Смотрю, вместо Клавы подходит Туся Ищенко. Как ни странно, в шестнадцать лет она расцвела прелестно, неподражаемо, но, к счастью, ей самой пока что это было неизвестно.

Особенно меня возмущала Туськина походка. Не такая, как у Клавы, слегка вызывающая, а эдакая скромная: топ-топ-топ. И туфли всегда каблучок к каблучку. Так и хочется проверить — такая ли уж ты скромница.

— Здравствуй, Лавров, — говорит Туська.

— Здравствуй, Ищенко Туся! — отвечаю я.

— Всё-таки ждёшь Клаву?

— Всё-таки жду. А ты думала, мы можем когда-нибудь поссориться?

— Никто этого не думал. Всем понятно, что показуха. Ушли в подполье?

— Иначе не проживёшь в этом безумном, безумном мире. Учителя заедаются. Клавина мама меня чуть с лестницы не спустила. Горе нам!

— А между прочим, Клава не придёт. Зря ждёшь. У неё ангина. Плюс тридцать восемь и два по Цельсию. Она велела тебе стремглав бежать к ней, пока её мама в театре.

— И давно ты у Клавы на посылках?

— Ты не наблюдательный человек, Лавров. При всех твоих выдающихся способностях. Нас с Клавой объединили общие интересы.

— Какие?

— Любовь к тебе!

— Это, между прочим, я засёк ещё в седьмом классе, — объявил я нахально. — Но Клава, знаешь ли, не такая девочка…

— Беги, а то её мама из театра придёт, — перебила меня Туся. — И больше не води Клаву в кафе «Лира». Там гнездятся вирусы. Швыряй свои миллионы в другом месте…

…Клава лежала под простынёй с кружевами пунцовая, как вишня. Халат у неё тоже был со всякими штучками.

— Тридцать восемь и два? — спросил я.

— Не знаю, сколько сейчас, может, и больше. Надо измерить. Ты не видишь, где градусник?

Я огляделся. В этой комнате многое переменилось. Исчезли все скульптуры Веры Сергеевны. Вместо них повсюду висели дамские халаты, точно такие как на Клаве. Но папин барометр по-прежнему поблёскивал над диваном. Градусник я нашёл на тумбочке среди лекарств.

— Вот он, — я протянул Клаве градусник, но Клава его не взяла.

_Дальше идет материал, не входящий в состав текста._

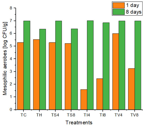 With respect to the E count, after 24 h of storage, the treatments TH, TS4, TS8, TI4, TV4 and TC displayed values close to 10³ CFU/g. Significant differences were observed between the TI8 and TV8 treatments in comparison with the TC treatment, reaching a difference of 1 log. After 8 days of storage, the TS4, TS8 and TC treatments presents results exceeding 10⁶ CFU/g, while the other treatments were below this value, with results of approximately 10⁵ CFU/g. TH treatment showed the lowest level, reaching 10⁴ CFU/g.

— Холодный небось… — сказала она поёживаясь и закинула руки за голову.

— Градусники всегда холодные, — сказал я почти шёпотом, потому что Клава как-то странно улыбалась.

— Поставь мне градусник, — сказала она.

— Как? — спросил я.

— Ты что, не знаешь, как градусники ставят?

Я молчал именно потому, что знаю, как это делается.

— Знаю, — ответил я.

— Вот и поставь, — продолжая странно улыбаться, сказала Клава.

Она по-прежнему лежала закинув руки за голову.

Я наклонился над Клавой. Мои глаза сами собой закрылись. Клава хмыкнула. Тогда я открыл глаза и почувствовал, что они у меня стеклянные. А что увидишь стеклянными глазами? Я отвернул какую-то штучку и сунул градусник наугад. Клава, взвизгнув, прижала его рукой. Значит, градусник оказался там, где надо.

— Всё в порядке? — спросил я.

Клава опять посмотрела на меня странно.

— Тебе хочется сейчас меня поцеловать? — спросила она.

— А что? — ответил я вопросом на вопрос.

— Мне интересно, — сказала Клава.

— В общем, да.

— Но у меня ангина. Ты мог бы заразиться.

— У меня гланды вырезали.

— Всё равно — ангина знаешь какие осложнения даёт? Но если не хочешь…

— Как тебе сказать… Это тебя интересует в принципе?

— В принципе.

— В принципе — очень!

— Так бы сразу и сказал!

— А то ты не знала.

— Вообще-то это многим мальчишкам из нашего класса хочется. И из параллельного тоже.

— Откуда тебе известно?

— По глазам вижу. Но ты имеешь на это право больше других. Если не боишься ангины, можешь это сделать. Только скорее, а то сейчас мама придёт. Куртку сними. Ты в ней чёрт знает где мотался, а у меня слабая сопротивляемость организма.

— А если мама войдёт?

— Закрой дверь на задвижку.

Я повесил куртку на спинку стула, побежал в переднюю и уладил дело с задвижкой. Правда, по дороге чуть не сшиб высокую стопку замысловатых абажуров, рядом с которыми валялись ещё не обшитые проволочные каркасы.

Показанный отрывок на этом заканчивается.